3. Validation using yeast
[0071] To develop an iCas9 capable of targeting eukaryotic genomic DNA, a yeast-based fluorescent reporter system was used to detect recombination. A Saccharomyces cerevisiae dual- fluorescent recombination reporter system, which contains GFP and mCherry expression cassettes was constructed and enabled detection of recombination using flow cytometry and fluorescence microscopy. Both GFP and mCherry were constitutively expressed from translation elongation factor 1 (Tefl) promoters. GFP was flanked by TN3 Resl core sequences and resulted in GFP deletion upon iCas9 targeting. (Fig. 2A and Figs. 6A-6D). Each core sequence was flanked with numerous PAMs, which enabled systematic analysis of sgRNA spacings (Fig. 7). iCas9 was placed on a yeast Cen6 vector with galactose inducible promoter and sgRNAs were placed on a yeast 2m vector with SNR52 promoters (Figs. 6A-6D). Co-expression of iCas9 along with targeting sgRNA pairs resulted in loss-of-GFP detectable by flow cytometry (Fig. 2B). Single targeting with sgRNAs did not result in marked GFP-deletion (Fig. 2C). The observed requirement of cooperative targeting by sgRNAs matches mTN3’s dimerization dependent function. sgRNA spacing’s from 16 bp to 40 bp were analyzed. Symmetric spacing’s of 22 bp and 40 bp were functional and resulted in 6.4±0.4% and 6.9±0.6% GFP-deletion respectively. However, 30 bp spacing symmetrically placed around the core sequence remained relatively non-functional while asymmetric spacing’s of 31 bp around the core are functional (Fig. 2C). The observed functional spacing’s are consistent with the requirement for targeting resolvase monomers to the same DNA helical face (See Fig. 8).

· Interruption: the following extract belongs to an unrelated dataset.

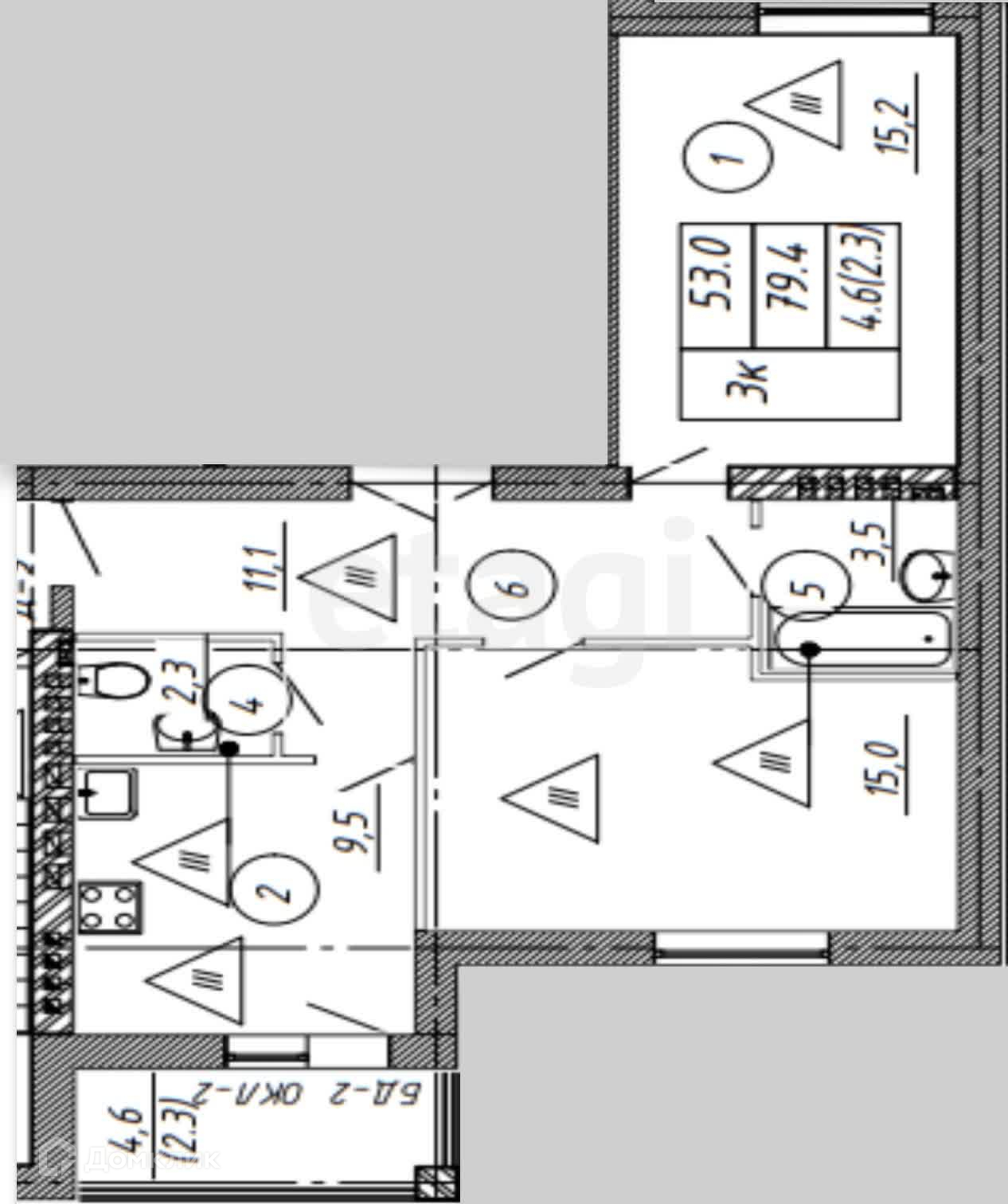 Общая площадь 58.4 кв.м. Площадь кухни - 9.5 кв.м. Выход из кухни на балкон площадью - 4,6 кв.м., комнаты просторные изолированные 15 и 14.7 кв.м, санузел раздельный.

[0072] To confirm loss-of-GFP was due to GFP-deletion and not the result of spurious cell death or non-specific recombination, fluorescence microscopy was used to detect GFP and mCherry expression. All cells with a non-target guide, sg(-), expressed both GFP and mCherry. However, cooperative targeting with sgRNA pairs resulted in GFP-negative cells with intact mCherry expression (Fig. 2D). Recombination occurred on the DNA level by PCR with primers flanking the GFP and mCherry expression cassettes. The starting reporter resulted in a 5 Kb PCR product GFP-deletion generated a 4 Kb amplicon. The deletion product formed when iCas9 was co-expressed with sgRNA pairs, sg(G:H); however, no deletion product formed when iCas9 was co-expressed with sg(-). This indicates iCas9 targets DNA-deletion and its function is dependent on RNA-guidance (Fig. 2E). DSB-targeted DNA-deletion result in indel mutations. However, iCas9-mediated DNA-deletion should be free of mutations. To further characterize deletion products, the 4 Kb deletion amplicons were isolated, sub-cloned, and Sanger sequenced, and no indel mutations within the recombination product was observed (Fig. 2F). This further suggests the utility of iCas9 in mediating error-free DNA recombination.
[0073] Aiming to improve iCas9 function, the effect of interdomain linker amino acid sequences was tested. These sequences included a range of flexible glycine serine and rigid linkers. Linker-3 was a common and effective linker used with Cas9 heterologous fusion proteins. Only subtle preference was observed for longer linker domains; however, these do not result in vivid improvement of iCas9 function (Fig. 9B). Henceforth, mTN3-(GGS)x6-dCas9 was used for further studies and referred to herein as“iCas9,” as its function has been extensively characterized in the yeast-based assays.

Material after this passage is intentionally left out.